After detailing how child language learning is affected by social interaction, Brooks shifted her focus to adult second language learning and presented a final experiment showing how individual differences in statistical learning ability predict language learning outcomes in adults (Brooks, Kwoka & Kempe, submitted). In this experiment, English-speaking college students completed three two-hour language learning sessions over 2-3 week period where they were exposed to spoken Russian phrases in a question-answer dialog using a computer program. Importantly, during the training phase of the language learning experiment, participants were provided with the type of immediate feedback that Brooks argues is crucial to language learning—they heard the correct phrases repeated immediately after answering each question. The results show that performance on both language comprehension and production tasks during each of the three language learning sessions is predicted by individual differences in statistical learning ability, as measured by two separate statistical learning tests.
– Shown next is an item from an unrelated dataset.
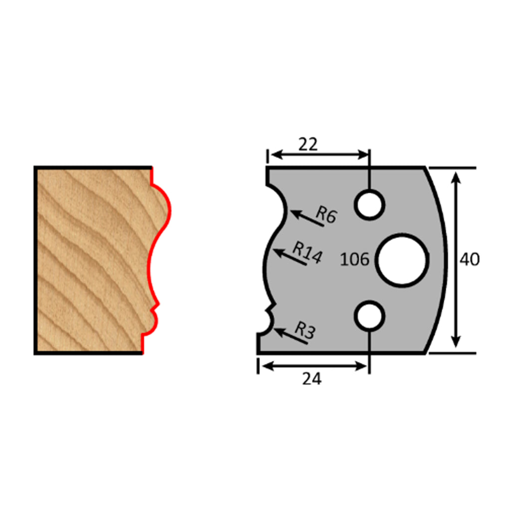 Couteau à profil de moulure couronnée, épaisseur 4 mm, longueur 40 mm Couteau à profil de moulure couronnée, épaisseur 4 mm, longueur 40 mm

There is much debate about the mechanisms that underlie both child first language acquisition and adult second language acquisition. In this talk, Brooks presented new evidence suggesting that general statistical learning ability plays an important role in language development in both children and adults. Brooks complemented research showing the importance of social interaction for child language learning with new evidence that suggests that what’s important about social interaction is the just-in-time positive feedback. While this work is important for language acquisition research, it also has implications for developing interventions to close reported gaps in child first language acquisition and applications for adult second language learning.